Qualitative data like stories about PD behaviors (the what and the how) are equally important because they enable peers to feel and understand why (the rationale) behind what and how the PDs are doing what they do. Ensuring an adequate balance between hard quantitative and soft, behavioral, qualitative data is crucial. A PD initiative in partnership with the UN Palestine Gender Lab worked with men and boys that were engaged in the project. Through this collaboration a community scorecard that ensured a community-based monitoring process initiated by themselves with quantitative metrics, e.g. reduction in early and relative marriages, reduction in approval stamps for early marriages from the community leaders (mukhtars), number of imams speaking of avoiding early marriages. And they also defined qualitative metrics relating directly to positive change in community behaviors. E.g. how people gradually got inspiration to change habits, men learning to share household work by visiting families where household work was shared and improving women heritage rights.

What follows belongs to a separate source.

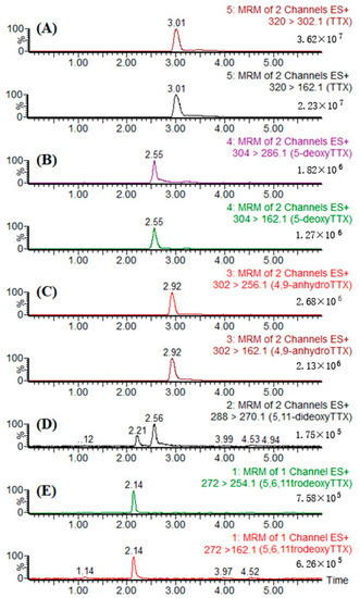 Monitored transitions of different TTX analogues extracted from the liver of T. pseudommus: (A) TTX; (B) 5-deoxy TTX; (C) 4,9-anhydro TTX; (D) 5,11-dideoxy TTX; (E) 5,6,11-trideoxy TTX. MRM, multiple reactions monitoring mode.

In order for PD and big data to work successfully together, it is crucial to strike a balance between quantitative (big) data and qualitative thick data and to let the communities who both own the problems and the PD solutions decide on what success looks like and how to measure and monitor progress. If this is the case, we can make use of the strengths of both and set them up for a lasting and happy partnership.

Positive Deviance, big data and Covid-19

At this time the Coronavirus pandemic has created uncertainty amidst a lack of clear evidence. This is a wicked problem that PD was made to solve. At the same time there is massive data collection going on. The opportunity to combine a big data approach to Positive Deviance is here. The last blog post written by Richard Heeks and Basma Albanna from University of Manchester gives valuable insights on how DPPD might be applied in Covid-19 responses. These big data are extremely relevant and can obviously qualify and focus the discussions and potentially also help discover positively deviant behaviors. Yet, to enable local, community-driven processes to (re-)frame problems so they are meaningful and relevant at the local level, and to determine positive deviant behaviors, it is crucial for people to engage and commit — the communities need to create ownership in the game and opt in.

For reflection you might think about:

  • Whose problem is it? And how to pick the right problem suitable for Positive Deviance?
  • What kind of data are needed and who should be owning and monitoring them?
  • How can big data and Positive Deviance be combined in a useful design to help solve some of the important problems relating to the current Covid-19 crisis and to development challenges?